They then rated the level of fraud of each paper using a customized “obfuscation index,” which rated the degree to which the authors attempted to mask their false results. This was achieved through a summary score of causal terms, abstract language, jargon, positive emotion terms and a standardized ease of reading score.

“We believe the underlying idea behind obfuscation is to muddle the truth,” said Markowitz, the lead author on the paper. “Scientists faking data know that they are committing a misconduct and do not want to get caught. Therefore, one strategy to evade this may be to obscure parts of the paper. We suggest that language can be one of many variables to differentiate between fraudulent and genuine science.”

The results showed that fraudulent retracted papers scored significantly higher on the obfuscation index than papers retracted for other reasons. For example, fraudulent papers contained approximately 1.5 percent more jargon than unretracted papers.

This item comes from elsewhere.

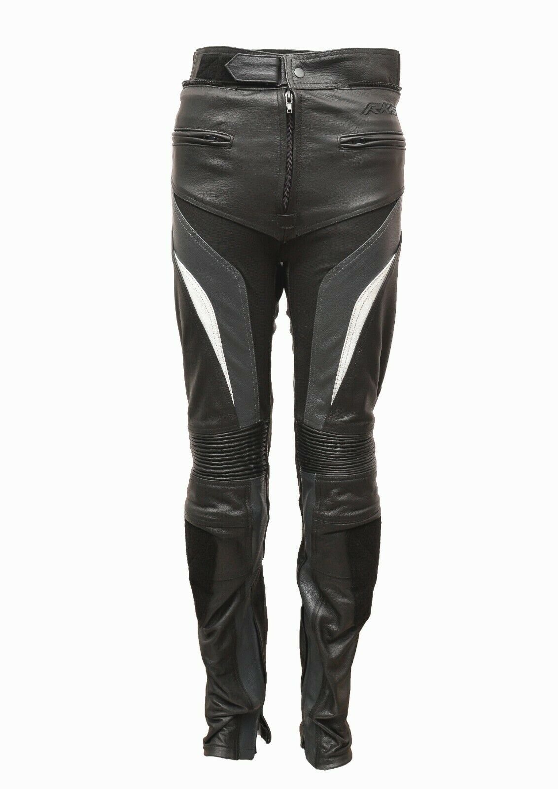 These smart cowhide leather trousers match our leather armoured biking jacket. They have removable CE armour at the hips and knees, a removable shin slider with compartments for knees sliders also. There's an 11 inch ankle zip, elasticated crotch and stretch panels at the knee for comfort.

“Fradulent papers had about 60 more jargon-like words per paper compared to unretracted papers,” Markowitz said. “This is a non-trivial amount.”

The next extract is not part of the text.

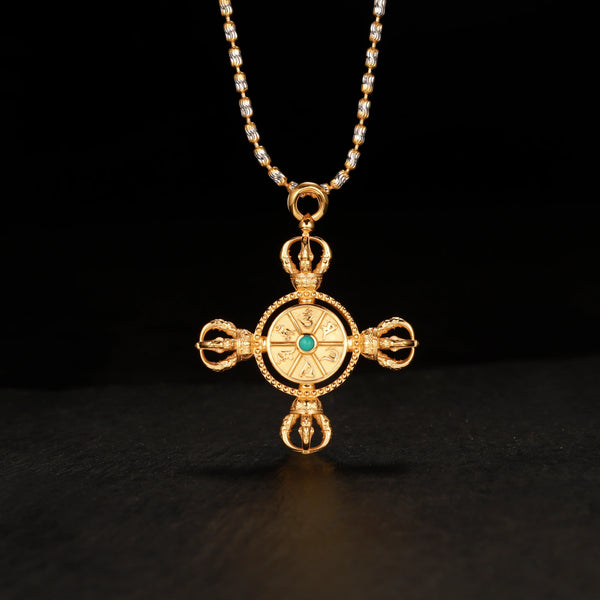 Accented with natural turquoise, the design softens the Vajra’s powerful geometry, creating a piece that feels protective yet grounded — a quiet symbol of inner strength worn close to the heart.

The researchers say that scientists might commit data fraud for a variety of reasons. Previous research points to a “publish or perish” mentality that may motivate researchers to manipulate their findings or fake studies altogether. But the change the researchers found in the writing, however, is directly related to the author’s goals of covering up lies through the manipulation of language. For instance, a fraudulent author may use fewer positive emotion terms to curb praise for the data, for fear of triggering inquiry.

In the future, a computerized system based on this work might be able to flag a submitted paper so that editors could give it a more critical review before publication, depending on the journal’s threshold for obfuscated language. But the authors warn that this approach isn’t currently feasible given the false-positive rate.

“Science fraud is of increasing concern in academia, and automatic tools for identifying fraud might be useful,” Hancock said. “But much more research is needed before considering this kind of approach. Obviously, there is a very high error rate that would need to be improved, but also science is based on trust, and introducing a ‘fraud detection’ tool into the publication process might undermine that trust.”